_ABOUT THIS TASK_. Give back the lines below exactly, but do not include any pictures.

_PROVIDED DATA_.
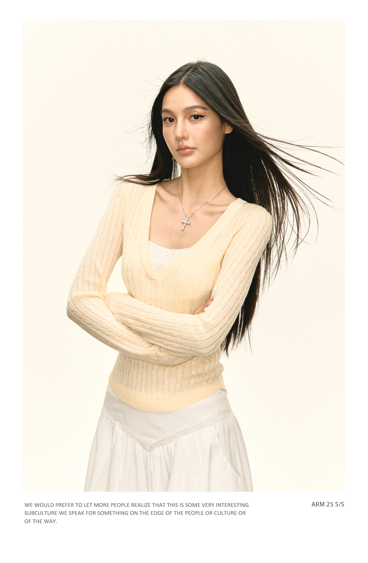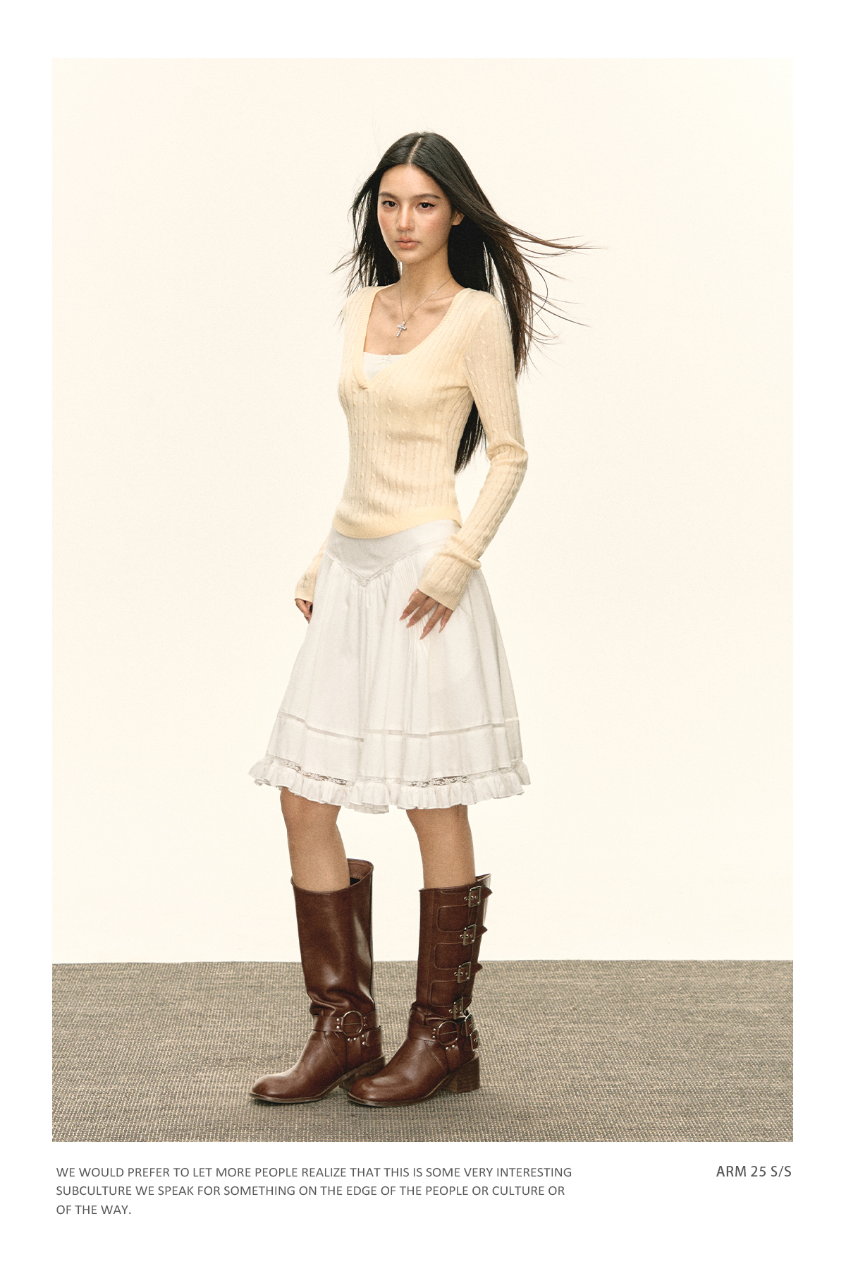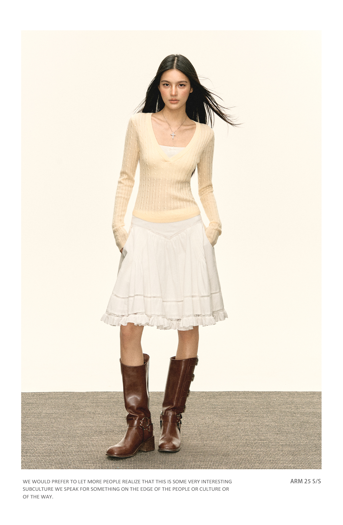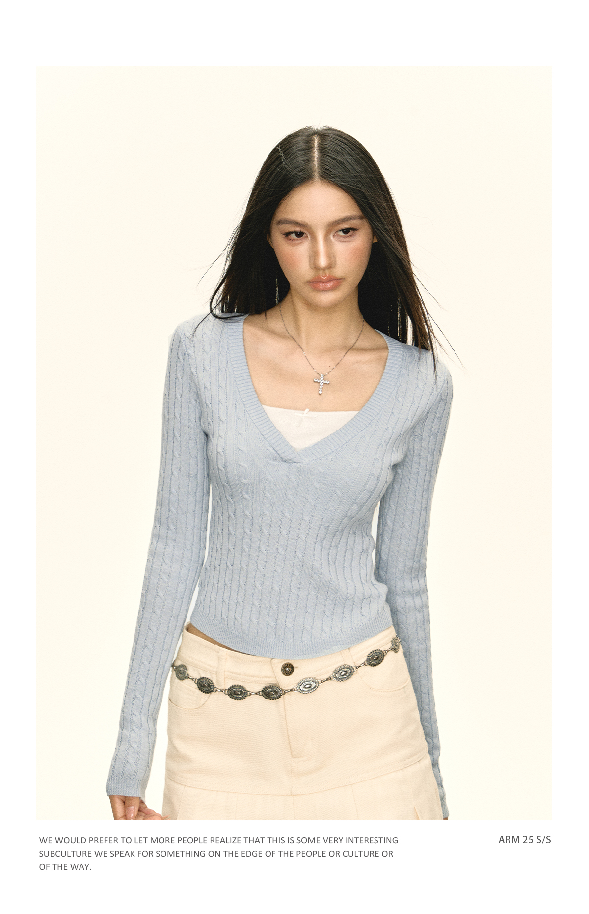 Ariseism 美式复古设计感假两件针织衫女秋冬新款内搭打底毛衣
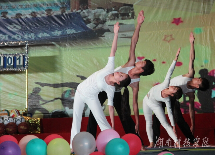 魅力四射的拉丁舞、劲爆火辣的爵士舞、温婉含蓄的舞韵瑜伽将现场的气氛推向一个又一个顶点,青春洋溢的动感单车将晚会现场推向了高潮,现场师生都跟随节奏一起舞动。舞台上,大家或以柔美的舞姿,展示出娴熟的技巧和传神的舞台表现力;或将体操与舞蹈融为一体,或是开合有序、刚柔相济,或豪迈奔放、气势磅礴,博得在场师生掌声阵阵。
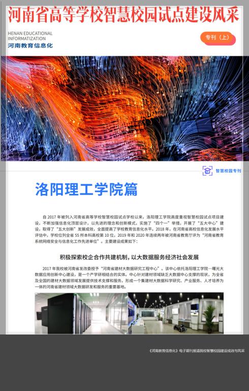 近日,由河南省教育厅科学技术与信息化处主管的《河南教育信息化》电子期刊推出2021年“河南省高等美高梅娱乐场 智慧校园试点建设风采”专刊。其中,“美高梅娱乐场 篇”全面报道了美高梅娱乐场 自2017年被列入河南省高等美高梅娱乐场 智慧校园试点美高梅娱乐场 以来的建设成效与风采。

_EXPECTED ANSWER_.
 Ariseism 美式复古设计感假两件针织衫女秋冬新款内搭打底毛衣
 魅力四射的拉丁舞、劲爆火辣的爵士舞、温婉含蓄的舞韵瑜伽将现场的气氛推向一个又一个顶点,青春洋溢的动感单车将晚会现场推向了高潮,现场师生都跟随节奏一起舞动。舞台上,大家或以柔美的舞姿,展示出娴熟的技巧和传神的舞台表现力;或将体操与舞蹈融为一体,或是开合有序、刚柔相济,或豪迈奔放、气势磅礴,博得在场师生掌声阵阵。
 近日,由河南省教育厅科学技术与信息化处主管的《河南教育信息化》电子期刊推出2021年“河南省高等美高梅娱乐场 智慧校园试点建设风采”专刊。其中,“美高梅娱乐场 篇”全面报道了美高梅娱乐场 自2017年被列入河南省高等美高梅娱乐场 智慧校园试点美高梅娱乐场 以来的建设成效与风采。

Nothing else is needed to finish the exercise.